ABOUT THIS TASK: Given the records below, the lines starting at the line with "にんにくは薄切り、赤とうがら" and ending at the line with "وقال الرئيس رشيد" should be output exactly, both end lines kept and pictures left out.

________________________

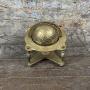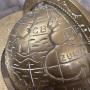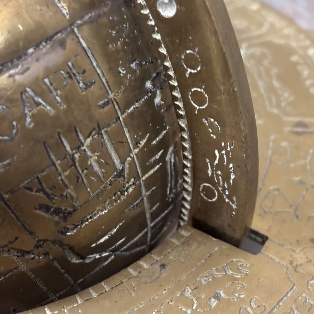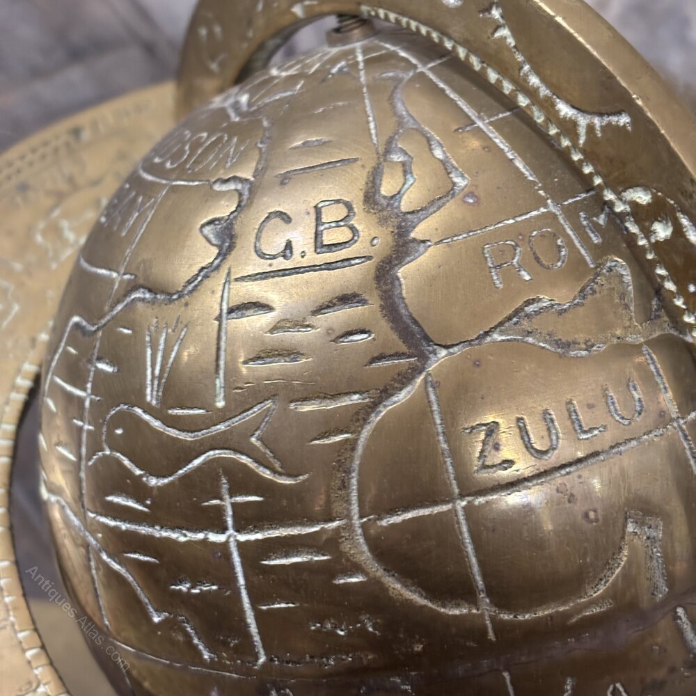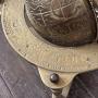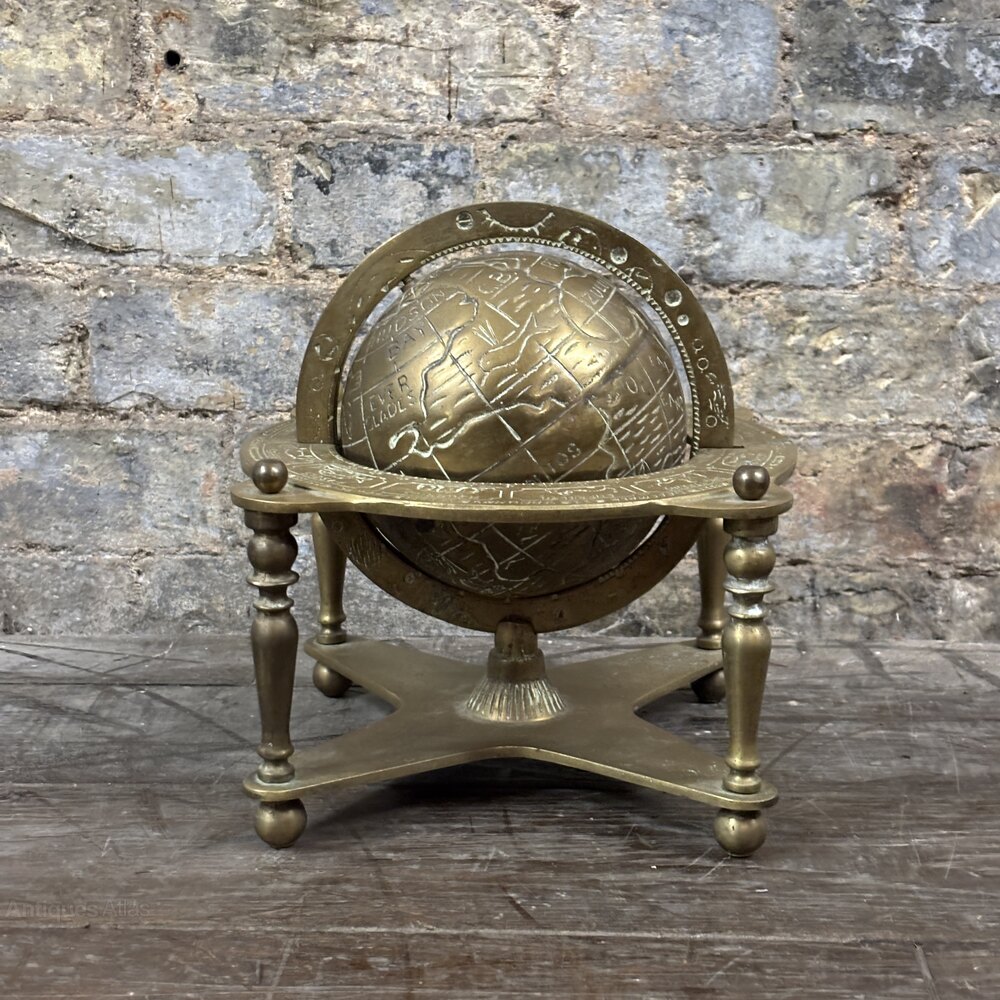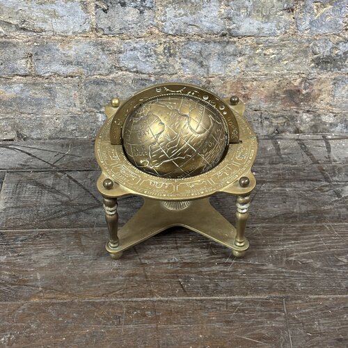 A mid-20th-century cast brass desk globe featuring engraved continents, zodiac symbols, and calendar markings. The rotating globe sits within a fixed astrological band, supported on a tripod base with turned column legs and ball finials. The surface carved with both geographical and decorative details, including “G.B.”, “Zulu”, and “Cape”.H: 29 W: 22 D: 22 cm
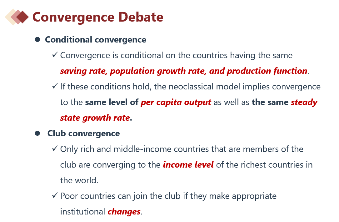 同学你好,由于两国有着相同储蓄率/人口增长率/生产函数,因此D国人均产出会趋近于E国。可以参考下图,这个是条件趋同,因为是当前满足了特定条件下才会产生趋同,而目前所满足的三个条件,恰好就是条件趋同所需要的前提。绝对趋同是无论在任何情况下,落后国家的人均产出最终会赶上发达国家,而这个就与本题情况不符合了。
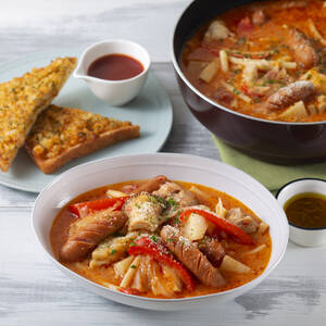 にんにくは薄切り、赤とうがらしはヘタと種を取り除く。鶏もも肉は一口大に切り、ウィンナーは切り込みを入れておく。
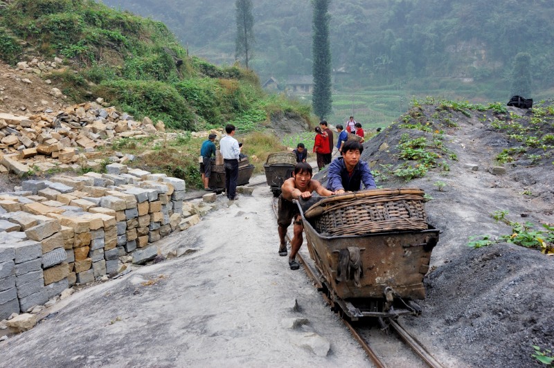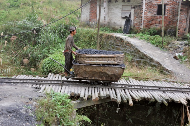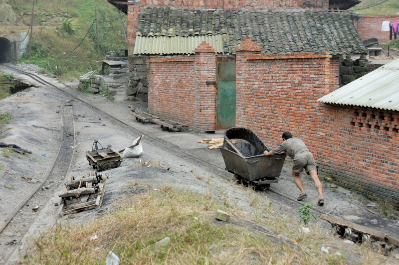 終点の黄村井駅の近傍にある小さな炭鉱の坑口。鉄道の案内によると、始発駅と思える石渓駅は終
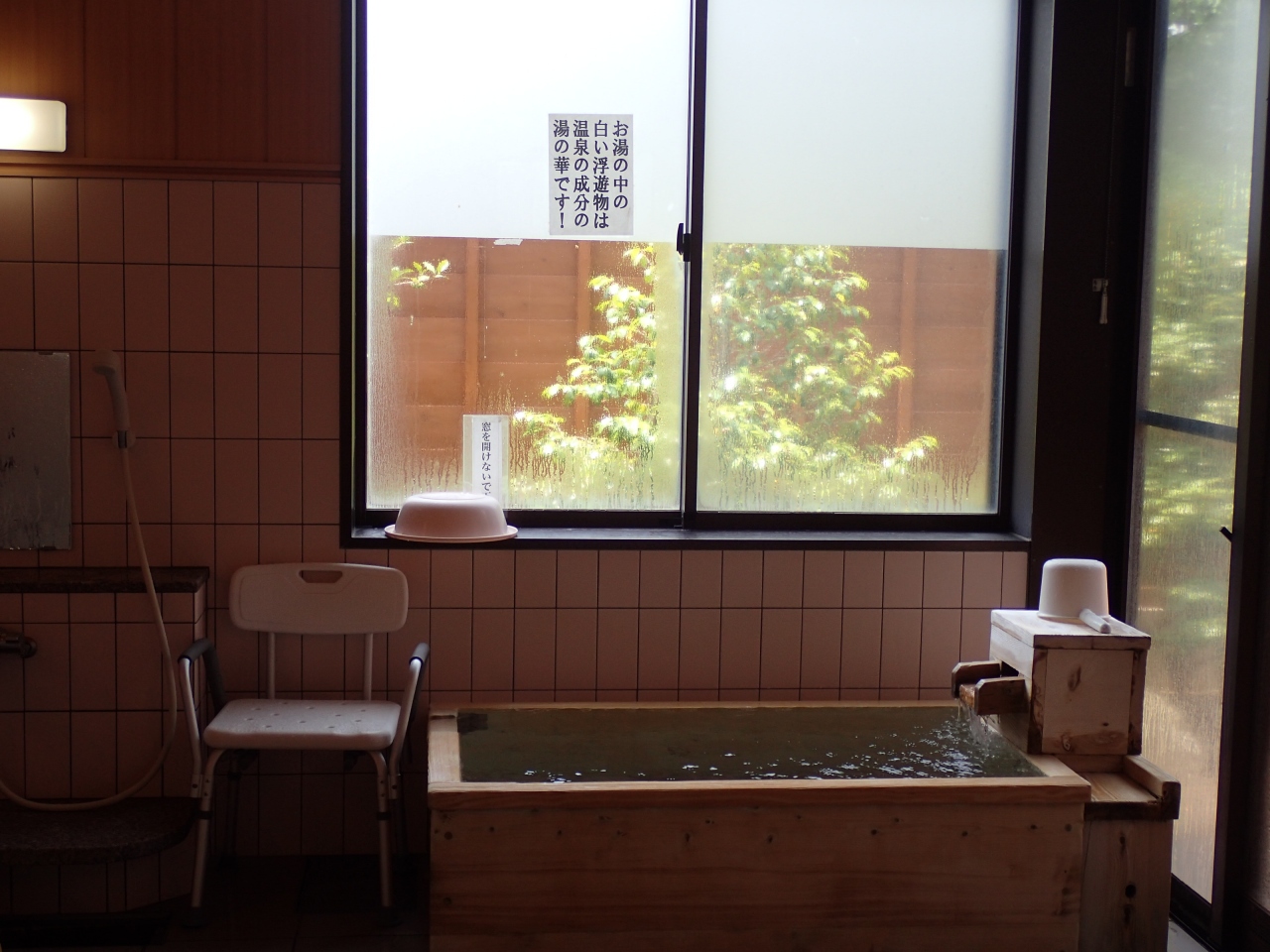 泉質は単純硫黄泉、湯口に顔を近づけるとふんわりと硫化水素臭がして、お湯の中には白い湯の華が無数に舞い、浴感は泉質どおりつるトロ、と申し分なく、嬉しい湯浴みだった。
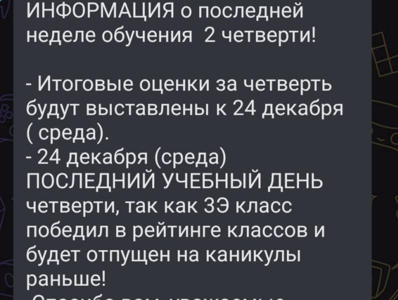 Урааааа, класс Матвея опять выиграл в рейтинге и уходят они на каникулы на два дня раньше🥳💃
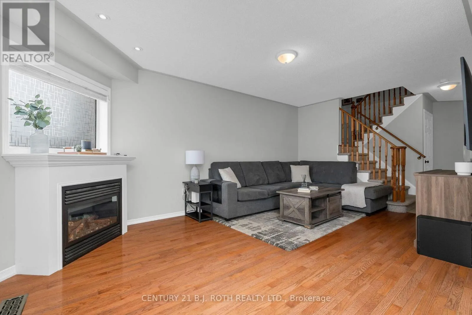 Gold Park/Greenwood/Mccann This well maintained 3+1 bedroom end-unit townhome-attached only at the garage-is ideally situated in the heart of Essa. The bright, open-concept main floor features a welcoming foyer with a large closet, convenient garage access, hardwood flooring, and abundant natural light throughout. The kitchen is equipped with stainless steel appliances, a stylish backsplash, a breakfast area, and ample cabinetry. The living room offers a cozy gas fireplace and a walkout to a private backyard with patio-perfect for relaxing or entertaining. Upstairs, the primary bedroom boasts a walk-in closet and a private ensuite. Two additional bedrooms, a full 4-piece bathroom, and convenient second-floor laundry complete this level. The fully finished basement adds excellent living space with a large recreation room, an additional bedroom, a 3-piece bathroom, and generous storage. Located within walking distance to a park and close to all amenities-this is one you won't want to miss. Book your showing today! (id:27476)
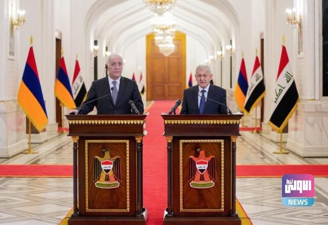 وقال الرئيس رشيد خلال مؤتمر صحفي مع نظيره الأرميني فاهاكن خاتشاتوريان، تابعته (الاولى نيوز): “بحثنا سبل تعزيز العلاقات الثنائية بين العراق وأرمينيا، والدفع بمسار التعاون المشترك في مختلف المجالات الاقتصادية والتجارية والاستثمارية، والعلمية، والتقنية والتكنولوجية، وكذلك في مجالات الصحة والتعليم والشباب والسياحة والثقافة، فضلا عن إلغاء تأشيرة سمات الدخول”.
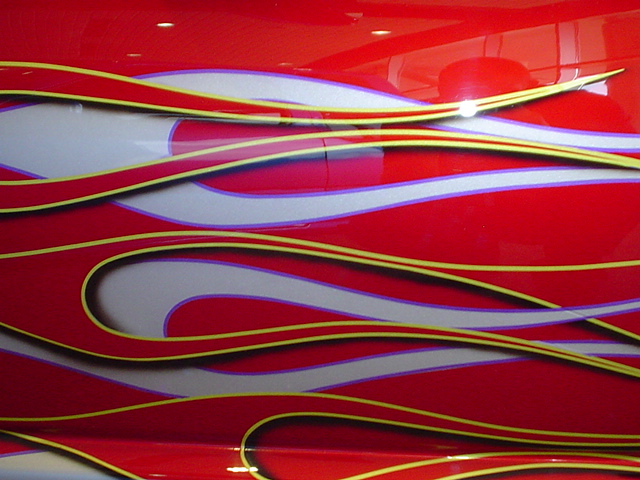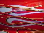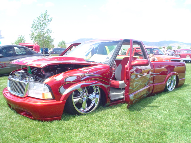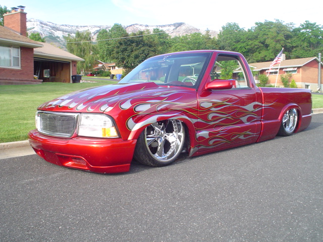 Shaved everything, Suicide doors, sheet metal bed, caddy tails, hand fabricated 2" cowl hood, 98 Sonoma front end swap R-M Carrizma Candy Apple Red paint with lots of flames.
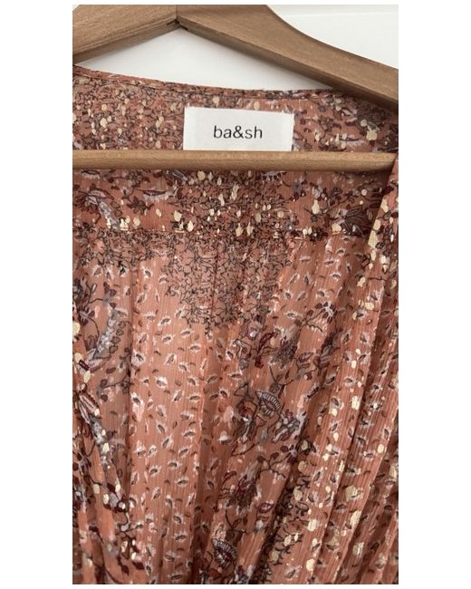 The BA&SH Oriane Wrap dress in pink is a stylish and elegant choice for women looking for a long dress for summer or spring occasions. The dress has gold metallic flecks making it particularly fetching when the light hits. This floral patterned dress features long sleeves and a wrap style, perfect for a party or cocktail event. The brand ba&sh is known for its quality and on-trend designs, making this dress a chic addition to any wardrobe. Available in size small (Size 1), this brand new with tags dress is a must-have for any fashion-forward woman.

________________________

WRITTEN RESPONSE:
 にんにくは薄切り、赤とうがらしはヘタと種を取り除く。鶏もも肉は一口大に切り、ウィンナーは切り込みを入れておく。
 終点の黄村井駅の近傍にある小さな炭鉱の坑口。鉄道の案内によると、始発駅と思える石渓駅は終
 泉質は単純硫黄泉、湯口に顔を近づけるとふんわりと硫化水素臭がして、お湯の中には白い湯の華が無数に舞い、浴感は泉質どおりつるトロ、と申し分なく、嬉しい湯浴みだった。
 Урааааа, класс Матвея опять выиграл в рейтинге и уходят они на каникулы на два дня раньше🥳💃
 Gold Park/Greenwood/Mccann This well maintained 3+1 bedroom end-unit townhome-attached only at the garage-is ideally situated in the heart of Essa. The bright, open-concept main floor features a welcoming foyer with a large closet, convenient garage access, hardwood flooring, and abundant natural light throughout. The kitchen is equipped with stainless steel appliances, a stylish backsplash, a breakfast area, and ample cabinetry. The living room offers a cozy gas fireplace and a walkout to a private backyard with patio-perfect for relaxing or entertaining. Upstairs, the primary bedroom boasts a walk-in closet and a private ensuite. Two additional bedrooms, a full 4-piece bathroom, and convenient second-floor laundry complete this level. The fully finished basement adds excellent living space with a large recreation room, an additional bedroom, a 3-piece bathroom, and generous storage. Located within walking distance to a park and close to all amenities-this is one you won't want to miss. Book your showing today! (id:27476)
 وقال الرئيس رشيد خلال مؤتمر صحفي مع نظيره الأرميني فاهاكن خاتشاتوريان، تابعته (الاولى نيوز): “بحثنا سبل تعزيز العلاقات الثنائية بين العراق وأرمينيا، والدفع بمسار التعاون المشترك في مختلف المجالات الاقتصادية والتجارية والاستثمارية، والعلمية، والتقنية والتكنولوجية، وكذلك في مجالات الصحة والتعليم والشباب والسياحة والثقافة، فضلا عن إلغاء تأشيرة سمات الدخول”.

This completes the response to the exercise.